About this exercise: Reproduce exactly the run of lines that begins with the one containing "На репинском полотне" and ends with the last line of the records, omitting pictures.

Data for the task:
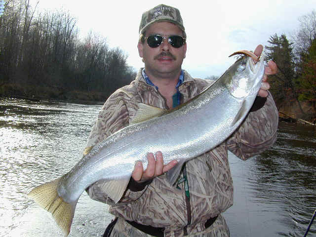 10/31/05  Just haven't heard that much good from the Big Manistee this fall.  Generally, when fishermen are doing well, the news travels quickly.  Mid-October did get a lower river push of fresh run silver bullets, but as of lately mum is the word.  Fall Steelhead are an ornery critter to deal with under the best of circumstances, let alone in a river infested with log jams.  Click for a fall silver bullet
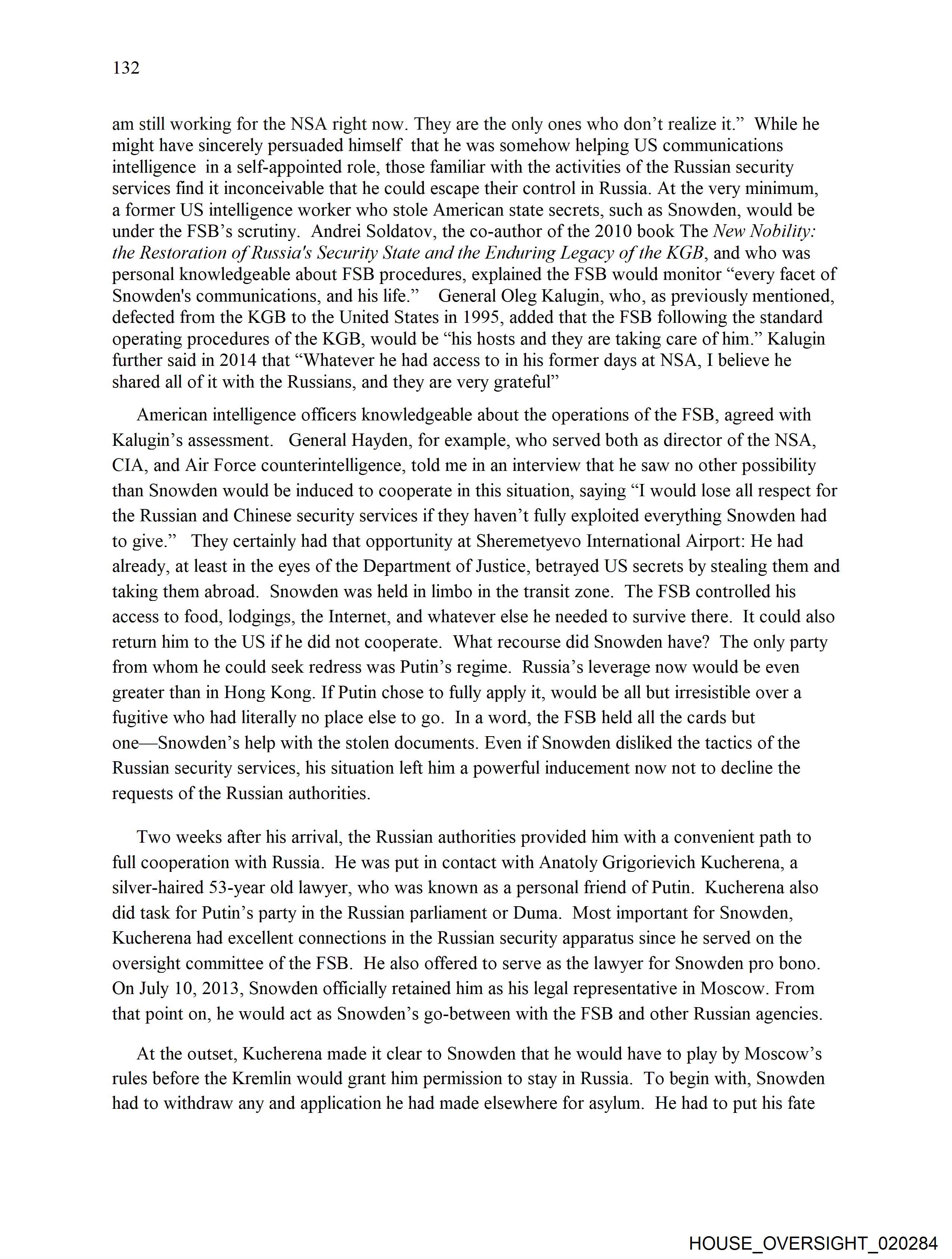 Snowden's communications, and his life.” General Oleg Kalugin, who, as previously mentioned,
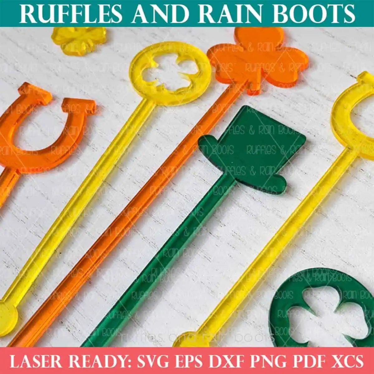 This St Patrick’s Day laser cut bundle features drink stirrers two sizes of four designs. Use one or both sizes for a St Patrick’s Day party. These are ready for personal use, to make gifts, or to sell physical goods with the included commercial license.
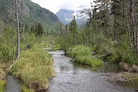 Species of fish living in cold or cool water can see a reduction in population of up to 50% in the majority of U.S. fresh water streams, according to most climate change models.[89] The increase in metabolic demands due to higher water temperatures, in combination with decreasing amounts of food will be the main contributors to their decline.[89] Additionally, many fish species (such as salmon) utilize seasonal water levels of streams as a means of reproducing, typically breeding when water flow is high and migrating to the ocean after spawning.[89] Because snowfall is expected to be reduced due to climate change, water runoff is expected to decrease which leads to lower flowing streams, effecting the spawning of millions of salmon.[89] To add to this, rising seas will begin to flood coastal river systems, converting them from fresh water habitats to saline environments where indigenous species will likely perish. In southeast Alaska, the sea rises by 3.96 cm/year, redepositing sediment in various river channels and bringing salt water inland.[89] This rise in sea level not only contaminates streams and rivers with saline water, but also the reservoirs they are connected to, where species such as Sockeye Salmon live. Although this species of Salmon can survive in both salt and fresh water, the loss of a body of fresh water stops them from reproducing in the spring, as the spawning process requires fresh water.[89] Undoubtedly, the loss of fresh water systems of lakes and rivers in Alaska will result in the imminent demise of the state's once-abundant population of salmon.
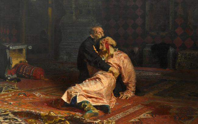 На репинском полотне Иван Грозный прижимает к себе полулежащего на полу сына и тщетно пытается остановить кровь. Лицо царя бледно, вылезающие из орбит глаза безумны, а умирающий с доброй улыбкой царевич словно прощает отцу его страшный грех.
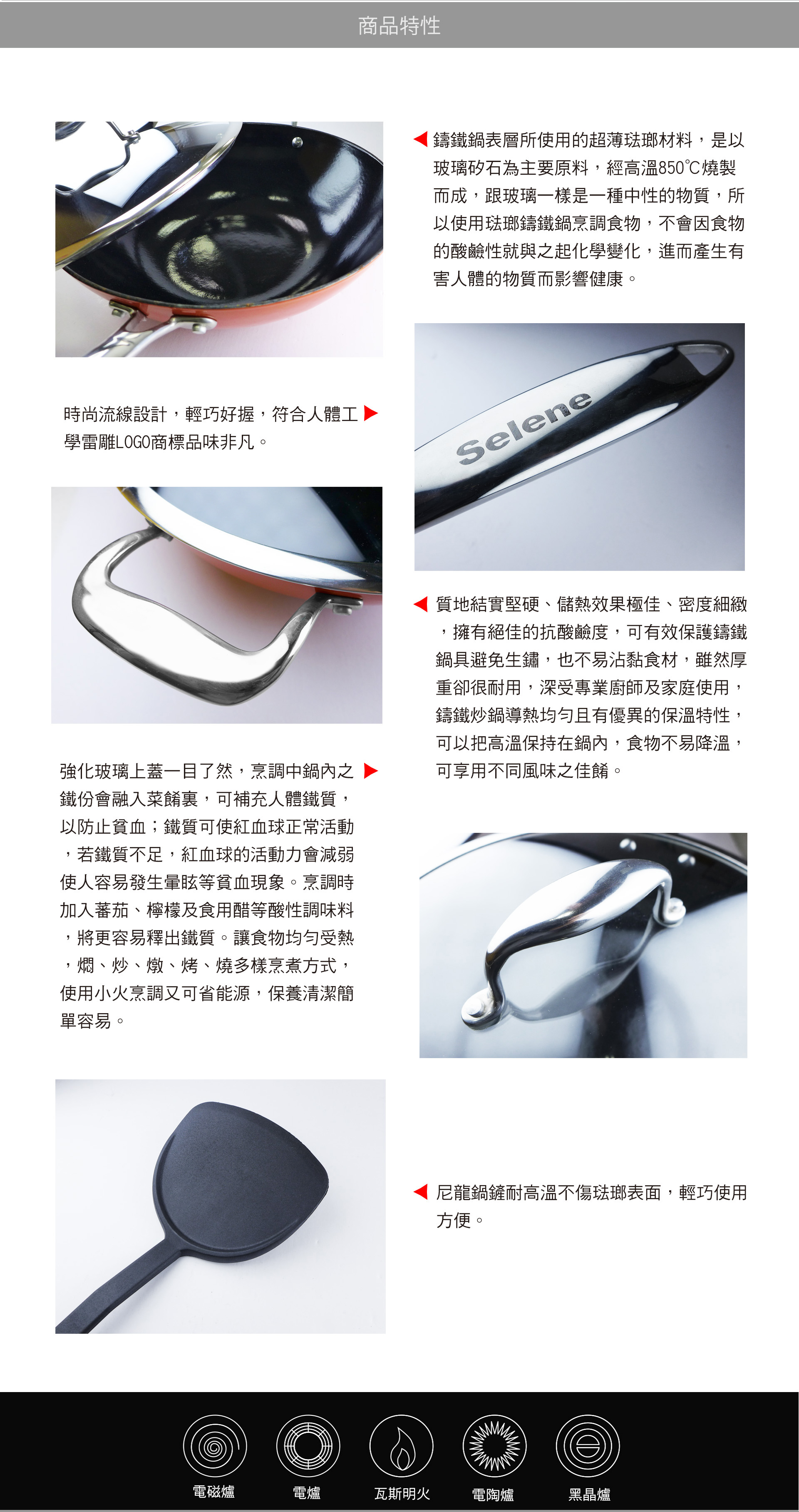 - 使用小火烹調又可省能源,保養清潔簡單容易
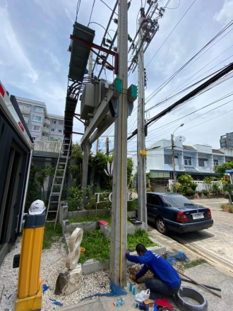 งานปรับปรุงระบบกาวด์แรงสูงพร้อมติดตั้งกาวด์หม้อแปลง onetime เดินสามเหลี่ยม

Response below:
 На репинском полотне Иван Грозный прижимает к себе полулежащего на полу сына и тщетно пытается остановить кровь. Лицо царя бледно, вылезающие из орбит глаза безумны, а умирающий с доброй улыбкой царевич словно прощает отцу его страшный грех.
 - 使用小火烹調又可省能源,保養清潔簡單容易
 งานปรับปรุงระบบกาวด์แรงสูงพร้อมติดตั้งกาวด์หม้อแปลง onetime เดินสามเหลี่ยม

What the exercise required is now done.